Der Wirtschaftsweise Lars Feld ist fest davon überzeugt, dass es den Euro noch lange geben wird. Alle jetzigen Mitglieder der Eurozone werden ihn behalten, da Europa die Finanzkrise aus eigener Kraft bewältigen kann. Lars Feld glaubt nicht an einen Zusammenbruch des Euro-Systems. Allerdings ist seiner Meinung nach die Staatsverschuldung in Europa tatsächlich kritisch und muss gelöst werden. Er sagt: „Gleichzeitig darf die EU nicht zu einer Transferunion werden.“ Das Ausscheiden einzelner Länder wie Griechenland aus der Währungsunion hält er für unrealistisch. Lars Feld ist Professor für Wirtschaftspolitik an der Universität Freiburg und leitet das Walter Eucken Institut. Er ist der Jüngste im Sachverständigenrat zur Begutachtung der gesamtwirtschaftlichen Entwicklung in Deutschland.

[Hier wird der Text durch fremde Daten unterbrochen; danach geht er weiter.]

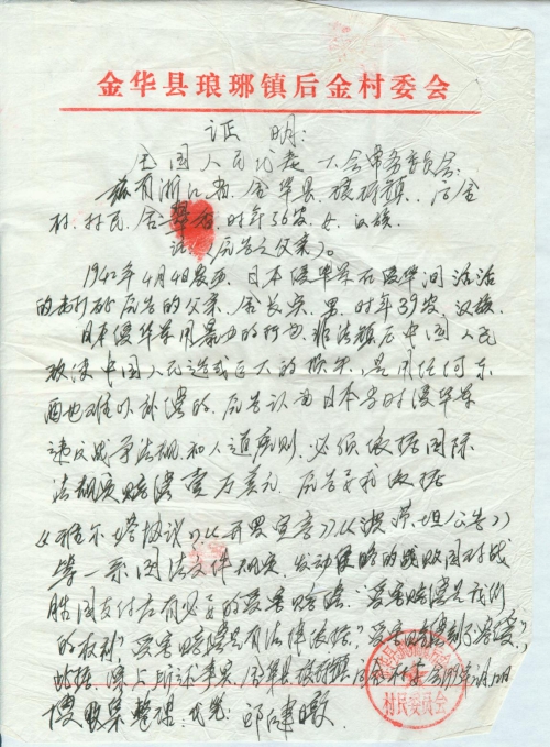 细节:金翠香的父亲金长实在1942年4月被日军活活打死,要求日本赔偿。信中有村委盖章证明。

VorsichtEuropa braucht eine Insolvenzordnung für Staaten

Um die Krise der Staatsfinanzen in Europa in den Griff zu bekommen müssen laut Lars Feld generelle Regeln für solche Fälle wie Griechenland oder Irland geschaffen werden. Er plädiert dafür, den Rettungsschirm auf keinen Fall auszuweiten. Er erläutert: „Nach 750 Milliarden kommt unendlich. Dann gibt es kein Halten mehr.“ Europa braucht seiner Meinung nach eine Insolvenzordnung für Staaten. Es muss ein Regelsystem sein, das bestimmt wann und wie ein Staat seine Insolvenz erklärt.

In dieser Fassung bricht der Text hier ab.